**Task to complete**
Each line of the data below between the one containing "(Hinweis: Um ein" and the one containing "Gracefully Glam Pleated", both included, is to be repeated exactly. Please omit pictures.

**Material provided**
┄┄┄┄┄┄

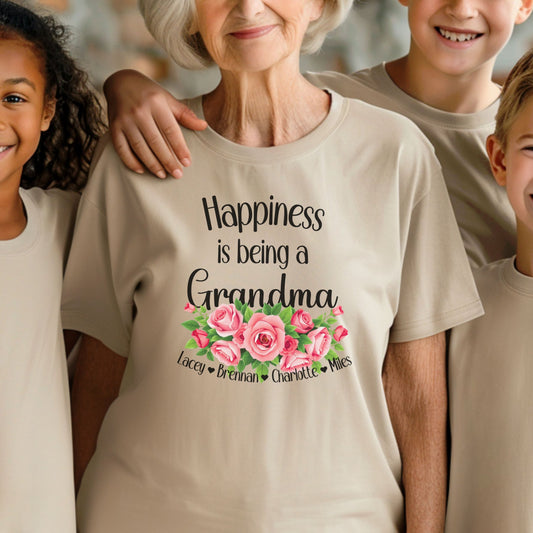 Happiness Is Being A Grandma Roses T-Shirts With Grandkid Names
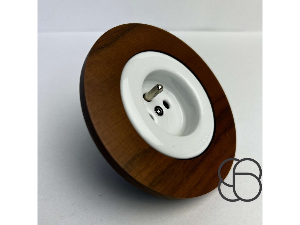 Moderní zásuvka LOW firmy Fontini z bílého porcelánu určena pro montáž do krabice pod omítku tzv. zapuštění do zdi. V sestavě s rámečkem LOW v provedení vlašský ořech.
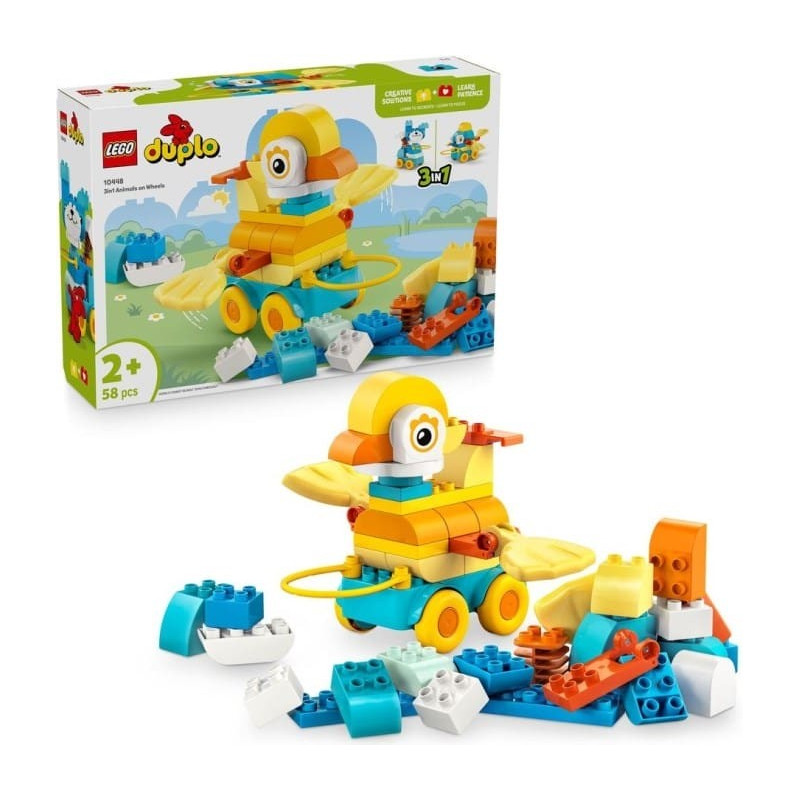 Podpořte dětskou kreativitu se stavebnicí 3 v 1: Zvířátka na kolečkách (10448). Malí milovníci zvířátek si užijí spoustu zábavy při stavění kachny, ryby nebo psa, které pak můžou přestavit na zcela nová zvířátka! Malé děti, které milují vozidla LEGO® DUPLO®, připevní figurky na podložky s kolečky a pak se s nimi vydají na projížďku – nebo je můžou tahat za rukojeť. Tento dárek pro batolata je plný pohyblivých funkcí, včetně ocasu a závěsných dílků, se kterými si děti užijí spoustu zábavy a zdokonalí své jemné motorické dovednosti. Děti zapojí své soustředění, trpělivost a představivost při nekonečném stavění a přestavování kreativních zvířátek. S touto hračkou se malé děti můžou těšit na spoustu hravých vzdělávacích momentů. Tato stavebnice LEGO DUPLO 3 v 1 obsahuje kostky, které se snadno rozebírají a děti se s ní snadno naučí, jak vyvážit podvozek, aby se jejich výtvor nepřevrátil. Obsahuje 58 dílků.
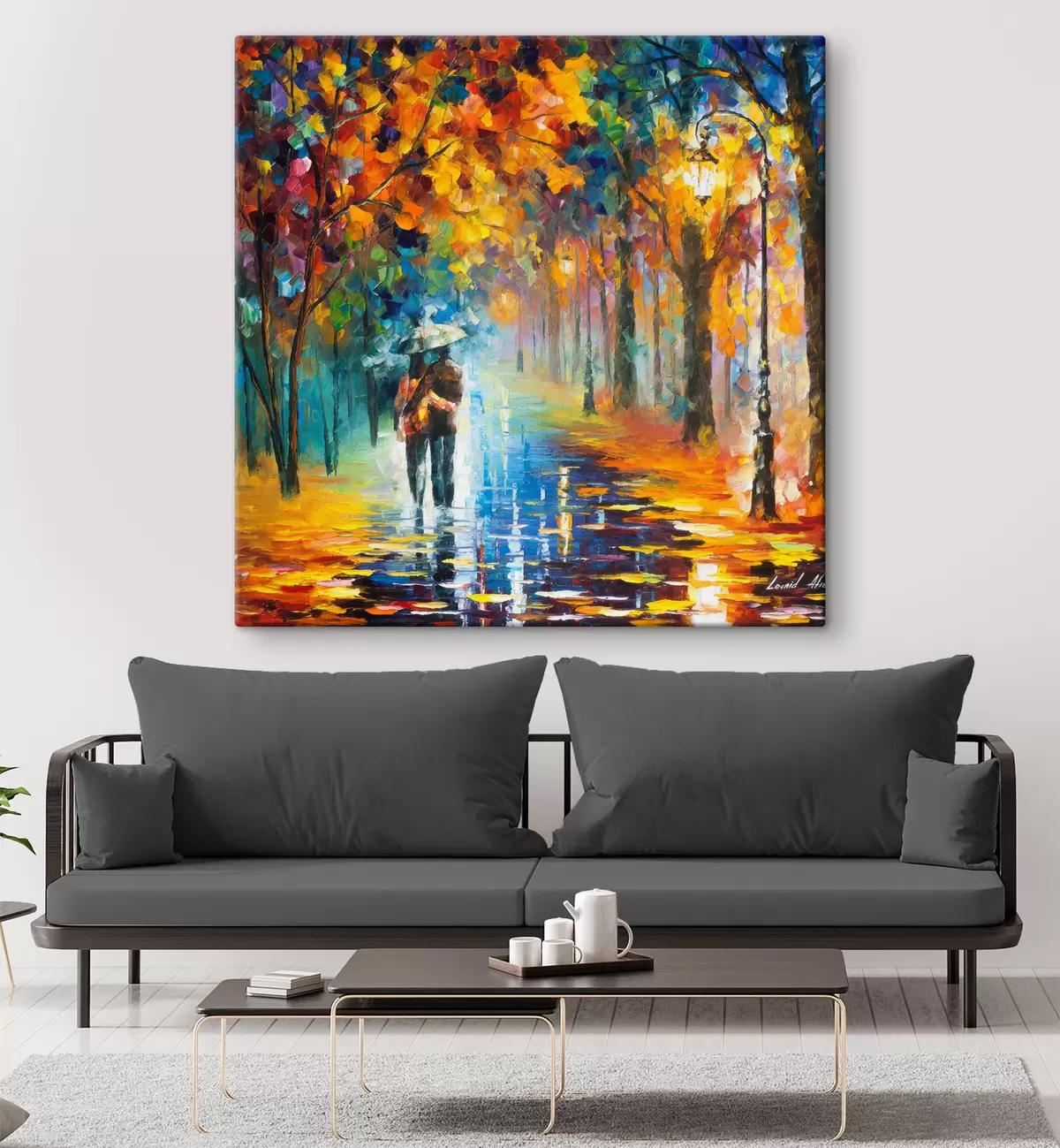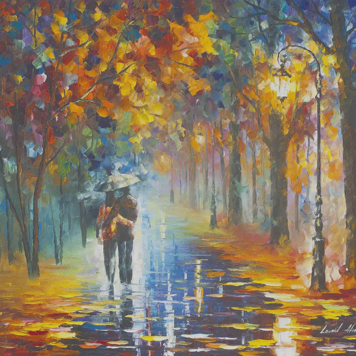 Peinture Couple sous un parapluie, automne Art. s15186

┄┄┄┄┄┄

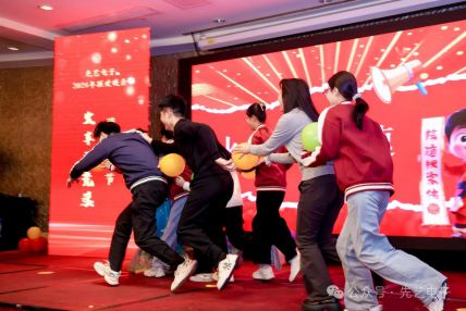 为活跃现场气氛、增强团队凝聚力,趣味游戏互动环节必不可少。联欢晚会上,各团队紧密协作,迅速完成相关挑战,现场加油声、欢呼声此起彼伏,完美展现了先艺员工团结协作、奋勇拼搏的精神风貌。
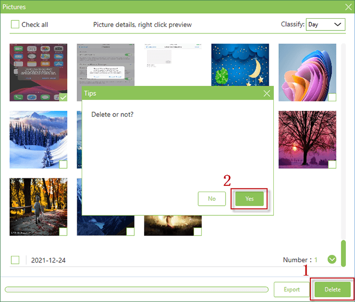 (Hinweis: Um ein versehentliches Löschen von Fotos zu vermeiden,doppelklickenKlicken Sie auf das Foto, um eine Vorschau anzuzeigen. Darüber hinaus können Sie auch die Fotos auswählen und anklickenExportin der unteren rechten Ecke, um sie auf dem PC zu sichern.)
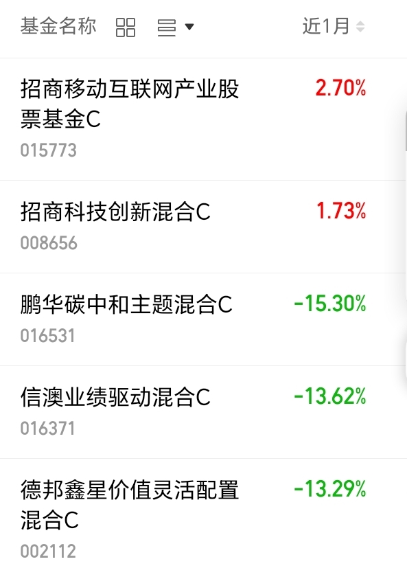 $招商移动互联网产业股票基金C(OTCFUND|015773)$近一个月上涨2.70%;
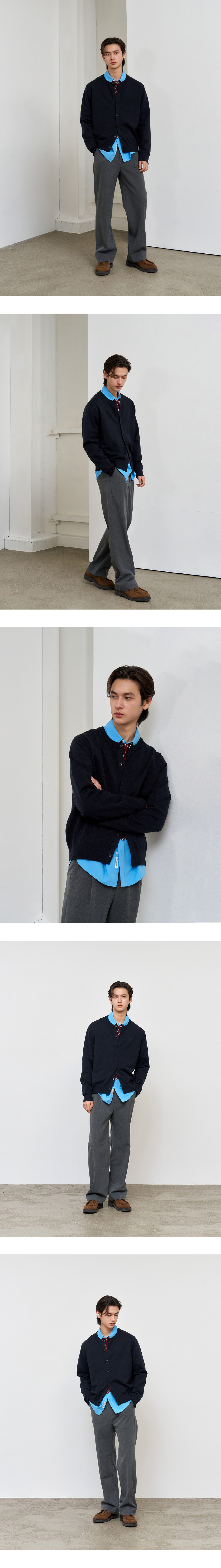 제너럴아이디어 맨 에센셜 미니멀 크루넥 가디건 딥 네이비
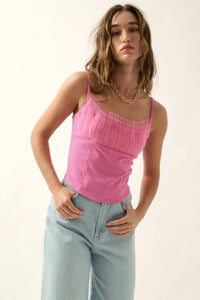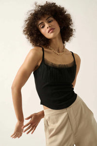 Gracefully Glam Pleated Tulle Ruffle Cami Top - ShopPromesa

┄┄┄┄┄┄

**Result of this exercise**
 (Hinweis: Um ein versehentliches Löschen von Fotos zu vermeiden,doppelklickenKlicken Sie auf das Foto, um eine Vorschau anzuzeigen. Darüber hinaus können Sie auch die Fotos auswählen und anklickenExportin der unteren rechten Ecke, um sie auf dem PC zu sichern.)
 $招商移动互联网产业股票基金C(OTCFUND|015773)$近一个月上涨2.70%;
 제너럴아이디어 맨 에센셜 미니멀 크루넥 가디건 딥 네이비
 Gracefully Glam Pleated Tulle Ruffle Cami Top - ShopPromesa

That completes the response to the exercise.